[SOURCE INFORMATION]
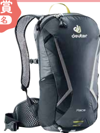
【ドイター】サイクリングリュック
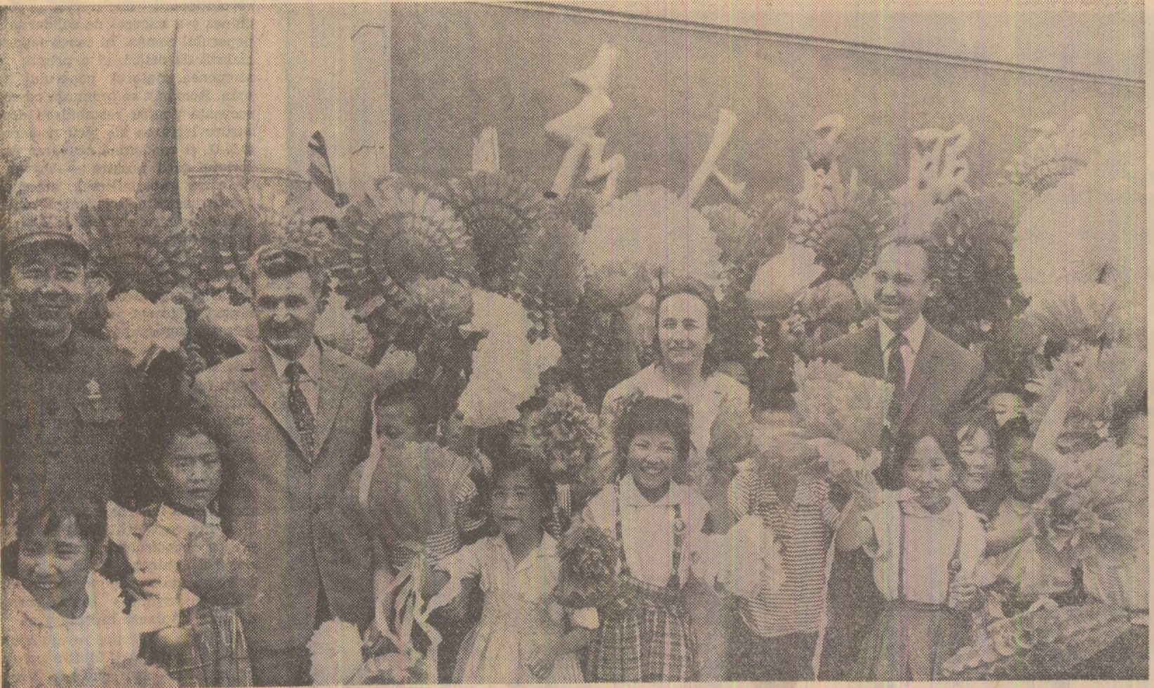
Pretutindeni, în timpul vizitei, simpatie și dragoste, primire călduroasă
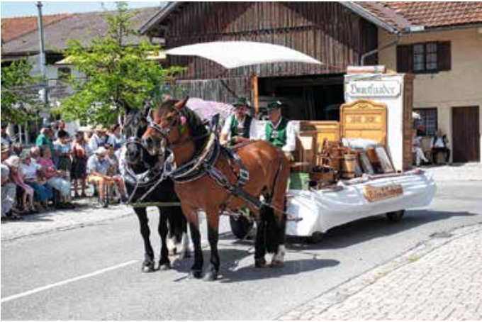
Festwagen Trachtenverein D'Lobachtaler Seeg.
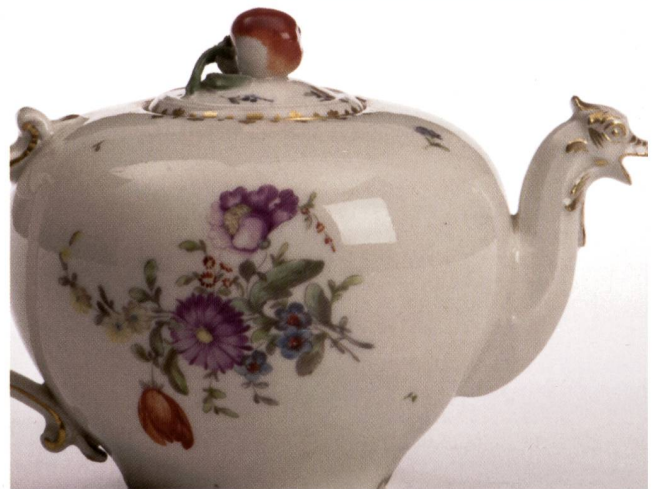
Abb. 6: Ausschnitte einer Teekanne mit Blumenstrauss, Ausguss mit Drachenkopf; H 10 cm, um 1765; © Landesmuseum Württemberg Stuttgart, Inv. Nr. WLM 14082, Landenberger (1980), S. 11 Vitr. 1 Obj. 14.

7. Fast alle hier von Landenberger vorgestellten Ringler-Malereien sind Zuschreibungen ohne erwähnte Begründungen. Sichere Argumente zu Ringlers Arbeiten fehlen bisher mit einer Ausnahme – siehe Nr. 5 – völlig, so dass sich hier schon die Frage stellt: hat Ringler überhaupt auf Porzellan gemalt? Dieser Frage folgt: wie konnte Landenberger überhaupt auf Ringler als Maler vieler Blumenmalereien kommen, wo doch hierfür eine grundlegende, feste Bestimmung, am sichersten durch eine Signatur oder aber andere Grundlagen, notwendig wäre? Als Begründung all ihrer Annahmen hat Landenberger nur eine vorgenommen: Sie hat den Stil der Zeichnungen in den Arkanabüchern (siehe unten) verglichen mit Malereien auf Porzellan, die sie entsprechend Ringler zuschrieb, weil sie basierend auf Ducrets Veröffentlichungen Ringler diese Zeichnungen zuschrieb. Auch hierzu unten Näheres.
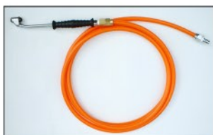
接続ホースφ8x12 (3m×5本) (引っ掛式タイヤチャック) (前輪1本、後輪4本)
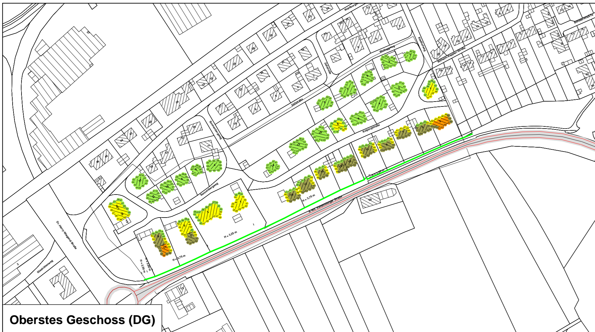
Oberstes Geschoss (DG)

[INSTRUCTIONS TO FOLLOW]
Output the records exactly, and let none of their pictures appear in the copy.

[SOLUTION BELOW]
【ドイター】サイクリングリュック
Pretutindeni, în timpul vizitei, simpatie și dragoste, primire călduroasă
Festwagen Trachtenverein D'Lobachtaler Seeg.
Abb. 6: Ausschnitte einer Teekanne mit Blumenstrauss, Ausguss mit Drachenkopf; H 10 cm, um 1765; © Landesmuseum Württemberg Stuttgart, Inv. Nr. WLM 14082, Landenberger (1980), S. 11 Vitr. 1 Obj. 14.

7. Fast alle hier von Landenberger vorgestellten Ringler-Malereien sind Zuschreibungen ohne erwähnte Begründungen. Sichere Argumente zu Ringlers Arbeiten fehlen bisher mit einer Ausnahme – siehe Nr. 5 – völlig, so dass sich hier schon die Frage stellt: hat Ringler überhaupt auf Porzellan gemalt? Dieser Frage folgt: wie konnte Landenberger überhaupt auf Ringler als Maler vieler Blumenmalereien kommen, wo doch hierfür eine grundlegende, feste Bestimmung, am sichersten durch eine Signatur oder aber andere Grundlagen, notwendig wäre? Als Begründung all ihrer Annahmen hat Landenberger nur eine vorgenommen: Sie hat den Stil der Zeichnungen in den Arkanabüchern (siehe unten) verglichen mit Malereien auf Porzellan, die sie entsprechend Ringler zuschrieb, weil sie basierend auf Ducrets Veröffentlichungen Ringler diese Zeichnungen zuschrieb. Auch hierzu unten Näheres.
接続ホースφ8x12 (3m×5本) (引っ掛式タイヤチャック) (前輪1本、後輪4本)
Oberstes Geschoss (DG)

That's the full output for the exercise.